By Gareth Vaughan
CEO Ross Smith says SBS Bank won't be "buying customers", despite aggressive moves by bigger rivals to win customers off other banks, arguing that if you attract customers on price, you'll also lose them on price. And nor will SBS, which is also a building society, be doing what the Co-operative Bank is promising, return profit to members.
Speaking to interest.co.nz yesterday after SBS released its annual results, Smith said the current reality was weak lending growth.
"It's sort of in the 1% range and some of these banks obviously have targets of 2, 3 and 4%," Smith said. "Well, there's only one way you can get that and that's by taking market share and that seems to be the motive for them. It frustrates us from the perspective that they offer better rates to people who walk in off the street than they do to existing customers and that to me is against our philosophy. We've tended not to do that."

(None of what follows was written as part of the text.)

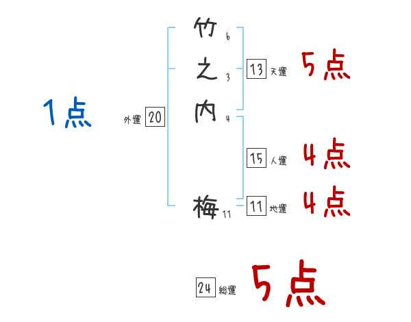 総運![]() | 竹之内梅さんの総運は24画の5つ星!家庭運が良く順調な人生。金運にも恵まれる。 あなたの人生を表す1番重要な運勢です。生涯を通じて影響する総合運となり、主に50歳以降の晩年期に影響を及ぼします。 |
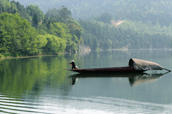 22、游船在构溪河国家级湿地保护区水面上行进,仿佛在绿树中穿行。

Interest.co.nz recently reported that the competition for mortgage business in a low growth market has got to the point where some banks are even prepared to pay, or contribute towards, break fees paid to other banks to help win business from customers on fixed-term mortgages away from rival banks. However, Smith said SBS is keeping out of this.
"We've not going to discount, we're not going to buy customers. Because we're of the belief that if you attract on price you'll lose on price so it's only a short-term (thing). We would rather have someone who wants a relationship, who is committed to the organisation, and we'll look after them," said Smith.
Asked how SBS's customer numbers had fared in recent months he said "there's no growth out there."
Rebates not coming any time soon
Meanwhile, Smith said SBS, as a building society, could do what the new Co-operative Bank - formerly PSIS - is pledging to do and pay rebates to members. But, although this has also been discussed at SBS, it's not currently on the agenda.
"We're of the opinion that when you've got 100,000 plus members and you give them $50 (each), it's a significant reduction in your balance sheet obviously, but does $50 really have a meaningful impact when you pay it out? I'd be surprised if it did. It becomes what is meaningful in terms of a rebate?"
"We'd rather just make certain that we remain competitive in terms of the offers we have for mortgages and investments and the level of service that we provide and the fees that we charge. We'd rather do it that way rather than give everyone $50 at the end of the year because I'm just not sure it would have that much of an impact," added Smith.
The April-May spate of banks giving to borrowers through mortgage interest rate cuts and taking from savers through term deposit rate cuts, has left SBS with some of the best advertised rates in the market. And SBS was named Financial Institution of the Year in April in Roy Morgan Research's inaugural annual New Zealand customer satisfaction awards.
Meanwhile, SBS, which bought the Hastings Building Society in 2010 in what was touted as the first step towards creating a national community bank, isn't currently involved in any further merger or acquisition talks.
"We would be happy to talk to a number of players were they happy to talk to us," said Smith. "But there are no discussions going on at the moment so they're obviously happy with their lot. If it might occur we'd certainly be keen on pursuing discussions, but no one's coming knocking at the moment and they all know that we're here if we wish to talk."